Copy out precisely the lines from the start of the data through the line with "كلية القانون والعلوم", and keep pictures out of it.

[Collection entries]
####################

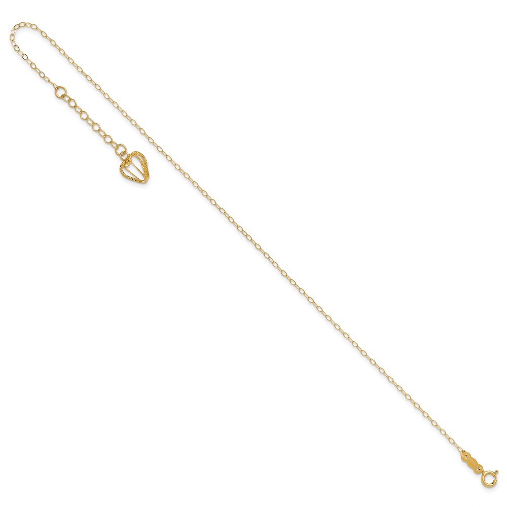 14k Two-tone Textured and Polished Open Heart Plus Extender – Total Anklet
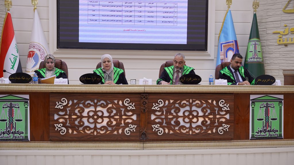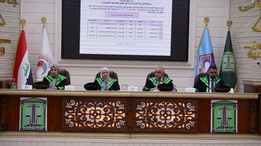 كلية القانون والعلوم السياسية تناقش في رسالة ماجستير تبسيط الإجراءات الادارية واثرها في حقوق الاجتماعية والاقتصادية
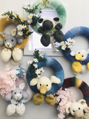 At first I was thinking these would be nice for children’s bedroom doors at Easter. And then I thought perhaps they would be nice as children’s room decorations. The pattern includes directions for a Duck, Bunny and Lamb. You can play with different adornments, perhaps paper or silk flowers or Easter decorations. Have fun sorting through your stash of fancy yarns and left over decorations. Although I recommend chunky yarn for the wreath cover you could use two strands of Aran/Worsted Weight or two strands of double knit/light worsted weight held together. The finished measurement needs to be 7 inches/17cms wide and 25 inches/64cms long to find a 25cm diameter ring. Really anything goes! As with all my designs these are knitted flat and assembled. I have included a very detailed making up guide to help you which is full of photos, hints and tips. I have also included links to various yarns suggestions and where to purchase the polystyrene rings.
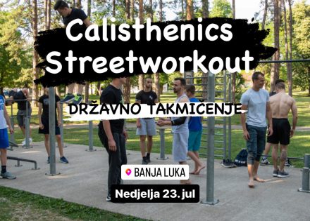 Calisthenics & Streetworkout zajednica Banjaluka poziva sve zainteresovane osobe koje treniraju „na šipkama“ da se prijave za učešće u državnom takmičenju u „Strength“ i „Power“ kategorijama koje će se održati 23. jula u periodu od 15:00 do 21:00 časova u parku Mladena Stojanovića u Banjaluci.
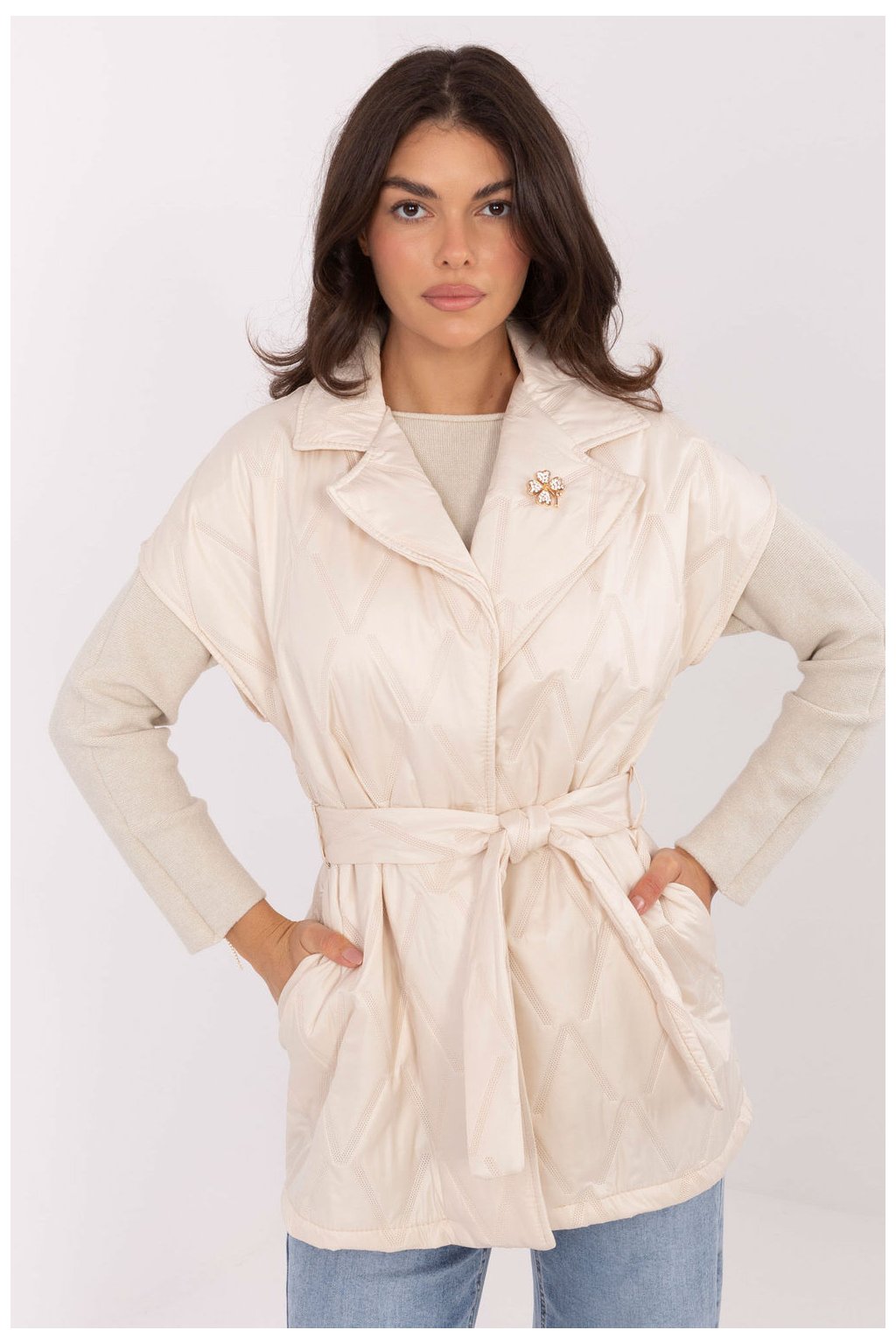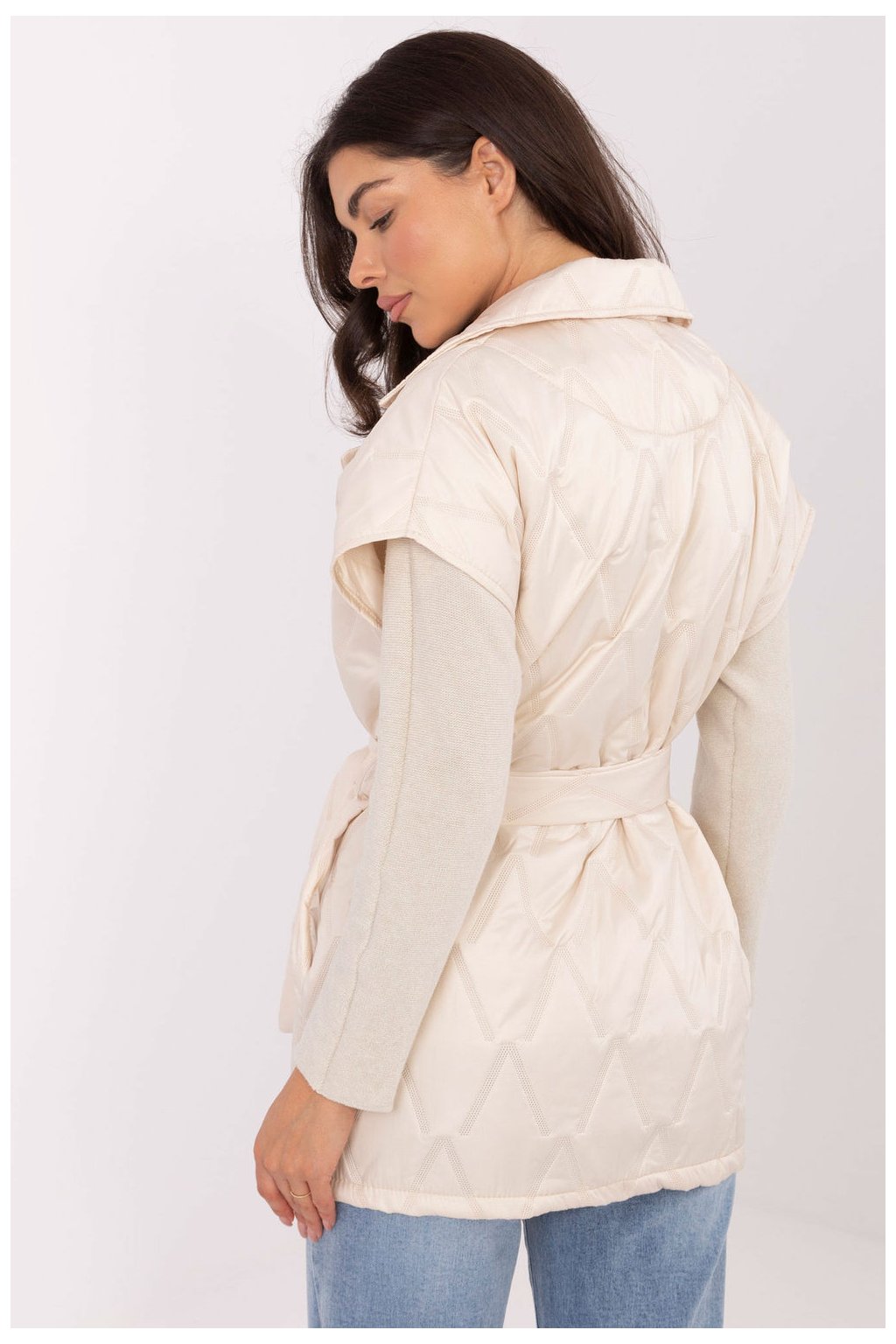 Elegantní dámská vesta se standartní délkou, zapínání na knoflík a vybavená klasickými límci. Vyrobená z polyesteru s syntetickým plněním, je lehká a pohodlná na nošení, zároveň praktická v přechodném období ideální na podzim, zimu a jaro. Model vyniká roztomilým šitím a různorodou texturou materiálu, co mu dodává výjimečný charakter. V pasu je šňůrka k zavázání, která krásně zdůrazňuje postavu. Vložené kapsy přidávají funkcionalitu a brož na límci je elegantní, decentní akcent. Je to ideální volba na každý den a do práce, spojuje pohodlí, ženskou eleganci a nadčasový styl, vytvářející univerzální kus šatníku.
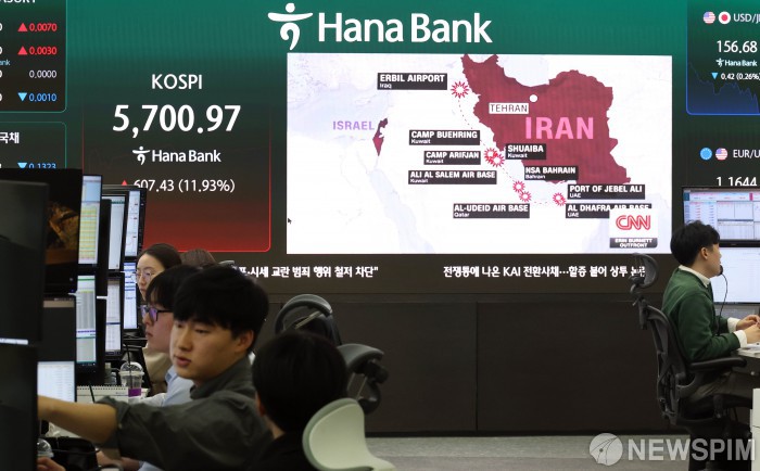 [서울=뉴스핌] 양윤모 기자= 뉴욕증시가 美·이란 접촉설에 반등한 가운데 5일 오전 코스피가 전장 종가보다 607.43 포인트(11.93%) 상승하며 5700.97로 거래를 시작한 가운데, 서울 중구 하나은행 을지로본점 딜링룸에 CNN화면이 송출되고 있다. 서울외환시장에서 달러/원 환율은 전장 대비 14.20원 하락한 1462.00원에 주간거래를 시작했다. 2026.03.05 yym58@newspim.com

####################

Output:
 14k Two-tone Textured and Polished Open Heart Plus Extender – Total Anklet
 كلية القانون والعلوم السياسية تناقش في رسالة ماجستير تبسيط الإجراءات الادارية واثرها في حقوق الاجتماعية والاقتصادية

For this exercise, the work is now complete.